What you should do => Using the data that follows, give again word for word the lines between the one holding "your different needs" and the one holding "Pendientes de clip", inclusive. Omit the pictures.

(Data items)
*** Begin section ***
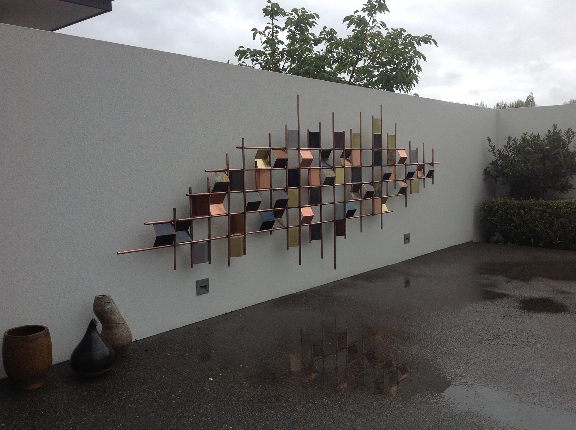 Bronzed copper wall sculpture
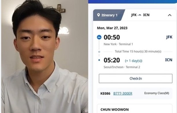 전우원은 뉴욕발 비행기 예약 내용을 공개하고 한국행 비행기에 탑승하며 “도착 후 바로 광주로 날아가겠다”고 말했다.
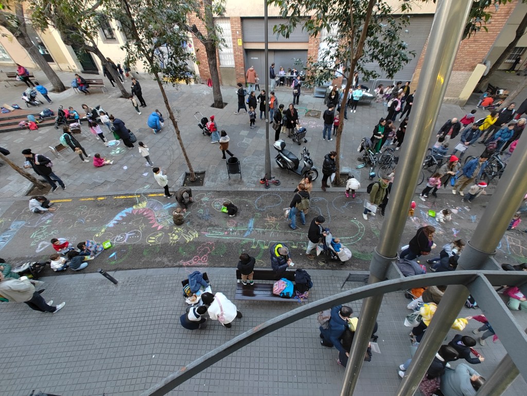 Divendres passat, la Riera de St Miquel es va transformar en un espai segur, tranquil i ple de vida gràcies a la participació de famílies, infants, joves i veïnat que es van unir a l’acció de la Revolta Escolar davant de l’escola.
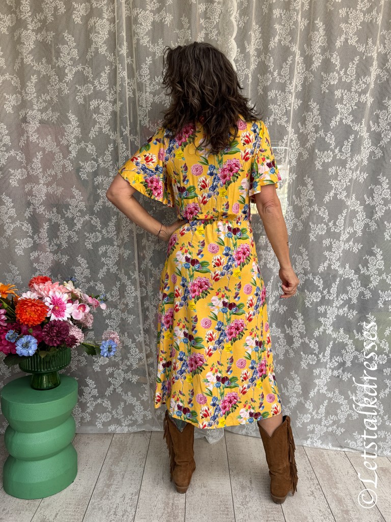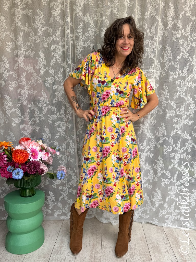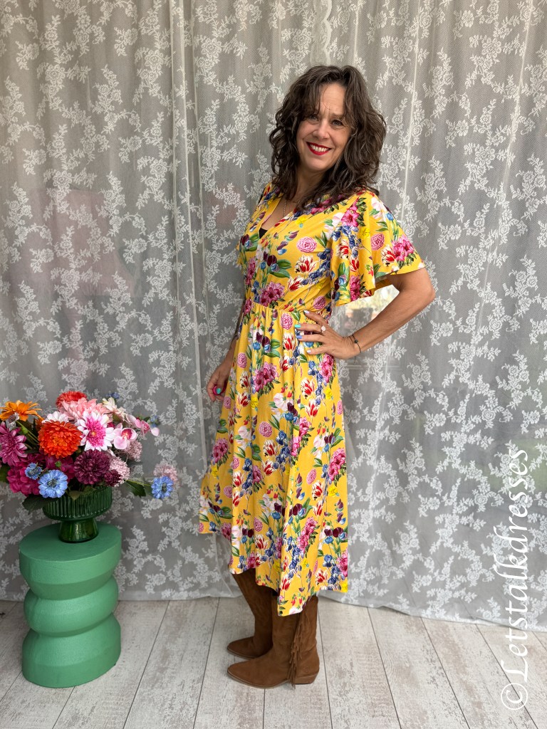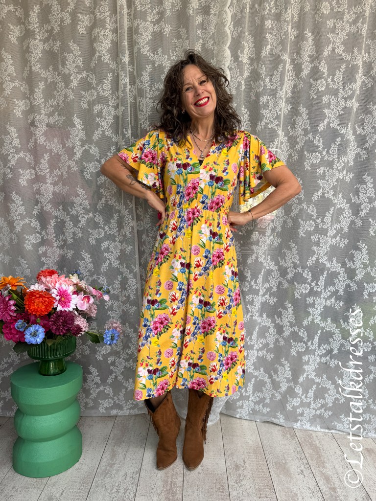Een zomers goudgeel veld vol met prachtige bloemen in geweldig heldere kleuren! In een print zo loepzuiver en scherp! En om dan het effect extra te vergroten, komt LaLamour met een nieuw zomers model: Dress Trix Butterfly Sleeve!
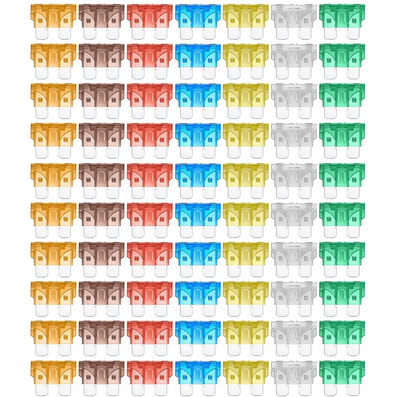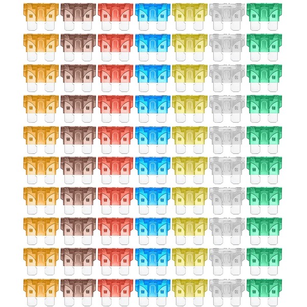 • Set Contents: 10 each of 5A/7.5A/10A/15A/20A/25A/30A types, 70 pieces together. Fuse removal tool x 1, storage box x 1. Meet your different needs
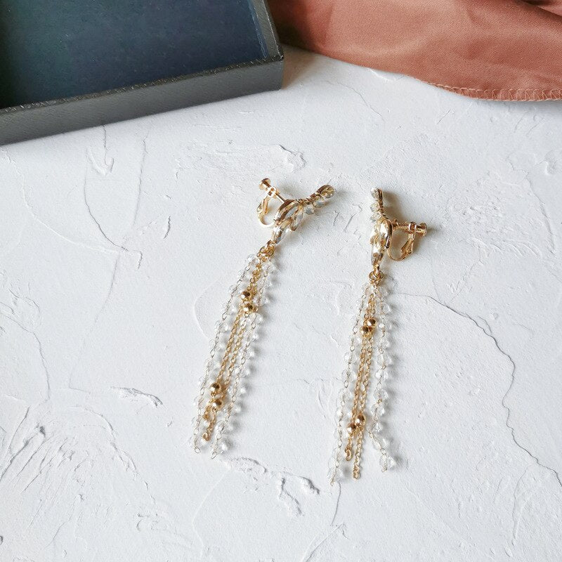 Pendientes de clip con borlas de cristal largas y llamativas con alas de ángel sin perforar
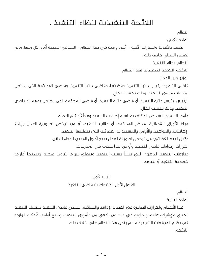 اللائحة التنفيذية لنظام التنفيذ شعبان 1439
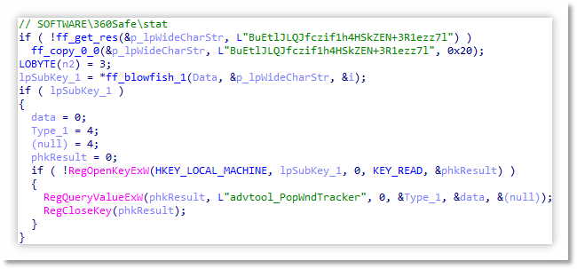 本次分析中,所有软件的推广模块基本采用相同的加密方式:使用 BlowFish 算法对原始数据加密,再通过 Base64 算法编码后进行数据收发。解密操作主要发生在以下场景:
*** End section ***
*** Begin section ***
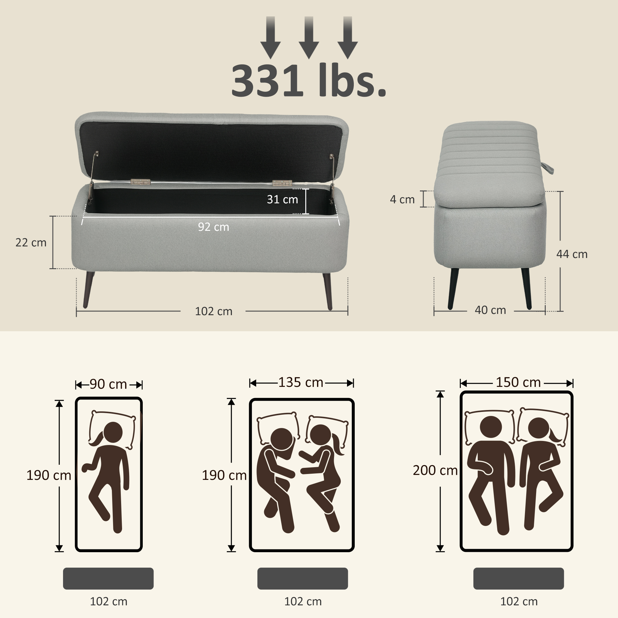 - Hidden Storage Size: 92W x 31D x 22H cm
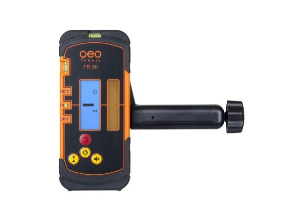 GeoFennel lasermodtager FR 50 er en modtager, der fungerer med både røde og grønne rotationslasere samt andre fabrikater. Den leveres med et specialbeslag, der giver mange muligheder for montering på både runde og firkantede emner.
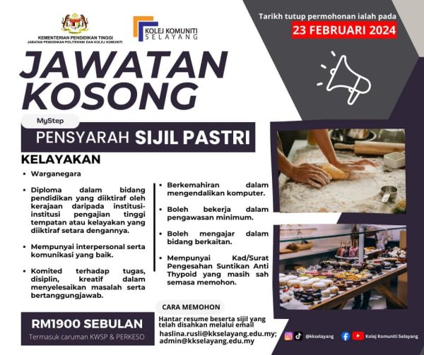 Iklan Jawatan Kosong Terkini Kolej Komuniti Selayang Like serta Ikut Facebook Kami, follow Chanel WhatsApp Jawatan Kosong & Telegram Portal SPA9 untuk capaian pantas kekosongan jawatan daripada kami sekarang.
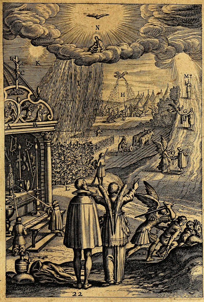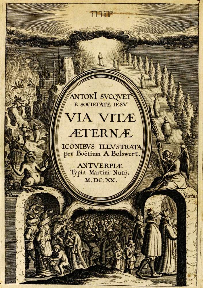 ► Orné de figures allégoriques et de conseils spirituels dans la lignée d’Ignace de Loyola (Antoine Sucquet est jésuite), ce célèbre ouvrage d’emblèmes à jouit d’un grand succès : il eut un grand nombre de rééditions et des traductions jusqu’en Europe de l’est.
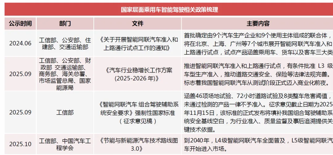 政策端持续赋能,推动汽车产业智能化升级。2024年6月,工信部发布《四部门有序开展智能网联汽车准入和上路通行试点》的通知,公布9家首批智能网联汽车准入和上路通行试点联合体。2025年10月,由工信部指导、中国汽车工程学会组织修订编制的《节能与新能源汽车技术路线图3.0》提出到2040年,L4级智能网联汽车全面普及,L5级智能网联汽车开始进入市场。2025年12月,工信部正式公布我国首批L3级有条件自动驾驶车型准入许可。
*** End section ***
Answer area =>
 • Set Contents: 10 each of 5A/7.5A/10A/15A/20A/25A/30A types, 70 pieces together. Fuse removal tool x 1, storage box x 1. Meet your different needs
 Pendientes de clip con borlas de cristal largas y llamativas con alas de ángel sin perforar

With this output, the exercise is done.